## DATA BLOCK

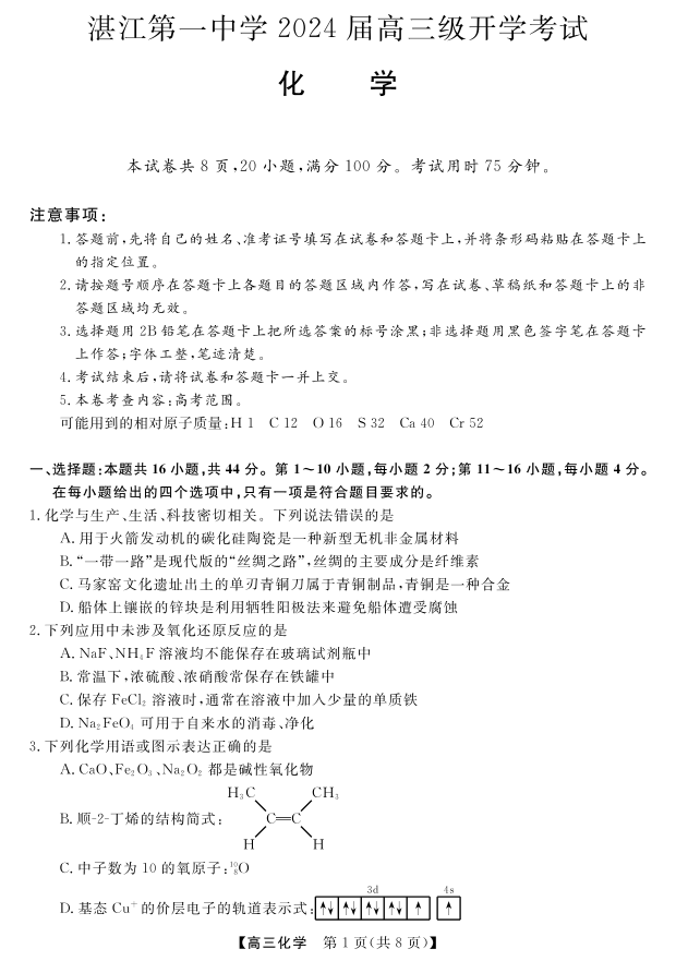 广东省茂名湛江市第一中学2024届高三上学期开学考化学
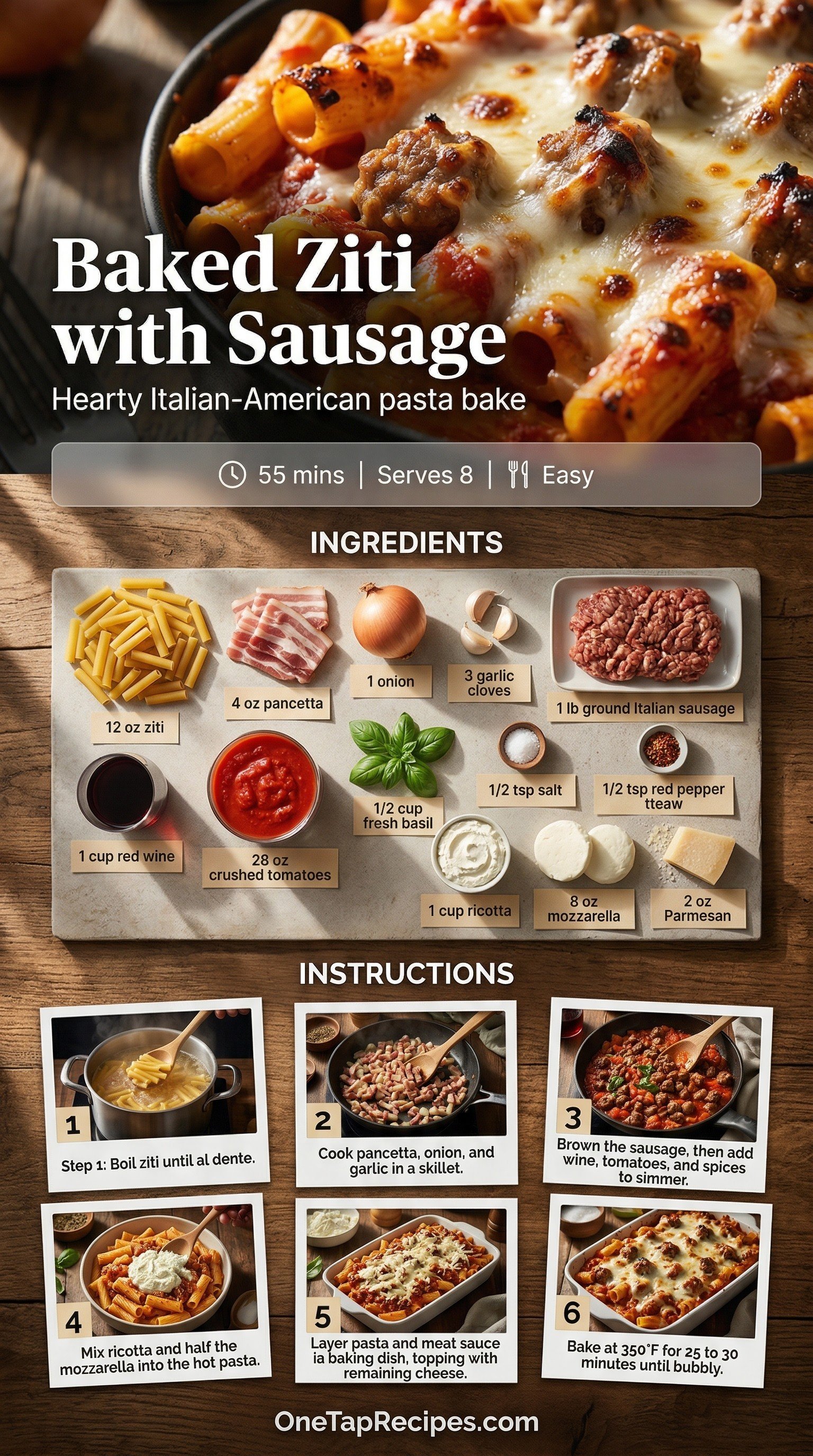 Baked ziti with sausage is a hearty Italian-American classic that brings everyone to the table. The dish layers tender pasta with a rich meat sauce made from ground Italian sausage, diced pancetta, and crushed tomatoes. A splash of dry red wine adds depth to the savory tomato base, while fresh basil brightens the flavor. Ricotta and mozzarella melt directly into the hot pasta before baking, creating a creamy and comforting center. It is an ideal choice for a weekend family dinner or a casual gathering.
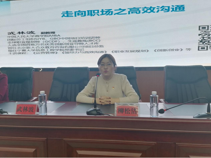 于2020年11月12日晚7点在知行楼三阶举行“大学生职场沟通”讲座。讲座由学院党委副书记柳松洁主持,信息工程学院党委书记武林波教授主讲,2016、2017级同学参加了此次讲座。
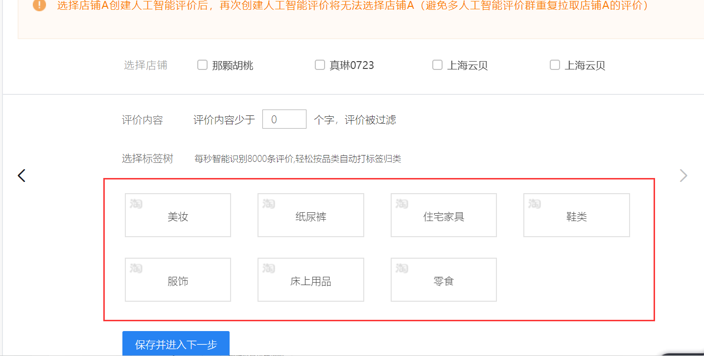 点击进入应用即创建群组,同时新增7个品类的标签树,创建群组过程中即可选择所需要绑定的标签树

## EXERCISE DIRECTIONS
Ignoring the pictures, write out word for word only the lines from the one containing "于2020年11月12日晚7" through the last line of the data, both ends included.

## YOUR RESPONSE
 于2020年11月12日晚7点在知行楼三阶举行“大学生职场沟通”讲座。讲座由学院党委副书记柳松洁主持,信息工程学院党委书记武林波教授主讲,2016、2017级同学参加了此次讲座。
 点击进入应用即创建群组,同时新增7个品类的标签树,创建群组过程中即可选择所需要绑定的标签树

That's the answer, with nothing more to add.